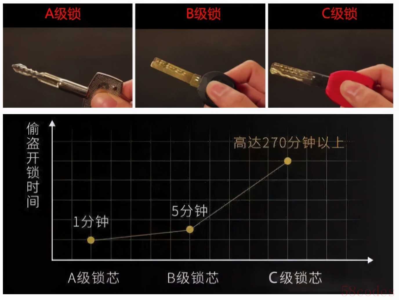 4、锁芯等级在国家规定的行业标准中,C级锁芯是防盗最强最安全的锁芯。不过,在选购智能门锁的时候,会发现有些产品写着“超B级”锁芯,其实呢,“超B级”只是商家的宣传语而已,智商税大家可以少交一点啦!
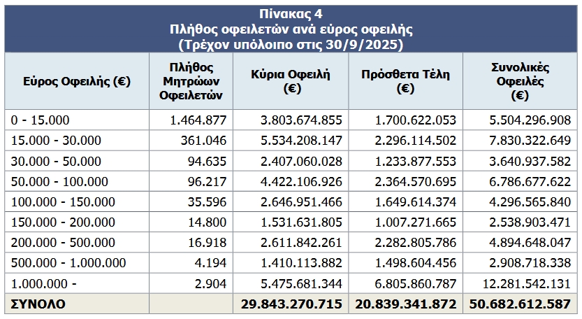 Στον πίνακα που ακολουθεί παρουσιάζεται το τρέχον υπόλοιπο οφειλών ανά εύρος οφειλής.
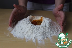 Итак, в муку добавляем дрожжи, карри, паприку, соль и сахар. Все перемешиваем -
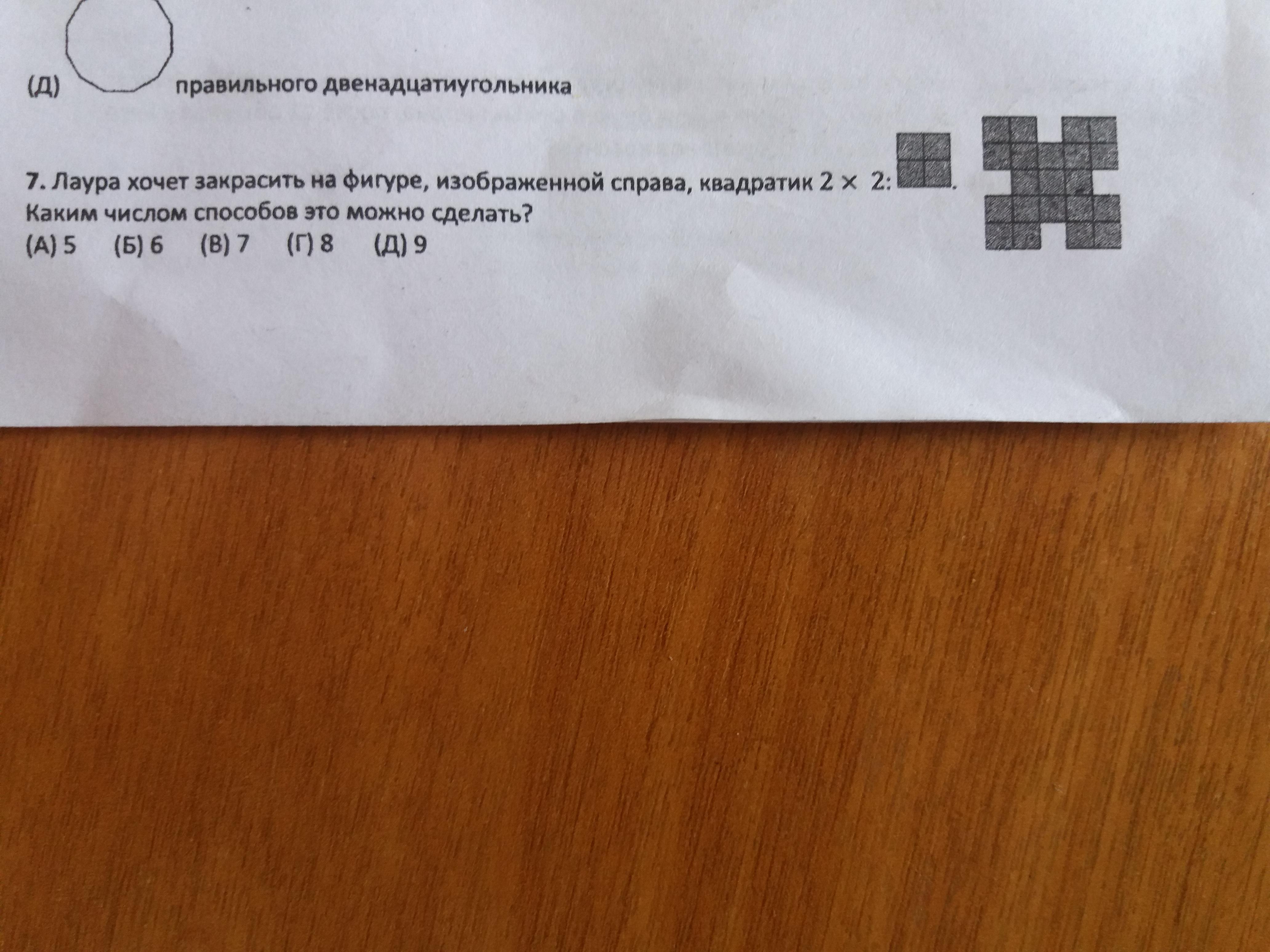 Лаура хочет закрасить на фигуре, изображённой справа, квадратик 2×2. Каким числом способов это можно сделать?
· · ·
What you need to retype is every line from the one that has "Στον πίνακα που" through the last line of the listing, both included, with the pictures left out.

ANSWER SECTION:
 Στον πίνακα που ακολουθεί παρουσιάζεται το τρέχον υπόλοιπο οφειλών ανά εύρος οφειλής.
 Итак, в муку добавляем дрожжи, карри, паприку, соль и сахар. Все перемешиваем -
 Лаура хочет закрасить на фигуре, изображённой справа, квадратик 2×2. Каким числом способов это можно сделать?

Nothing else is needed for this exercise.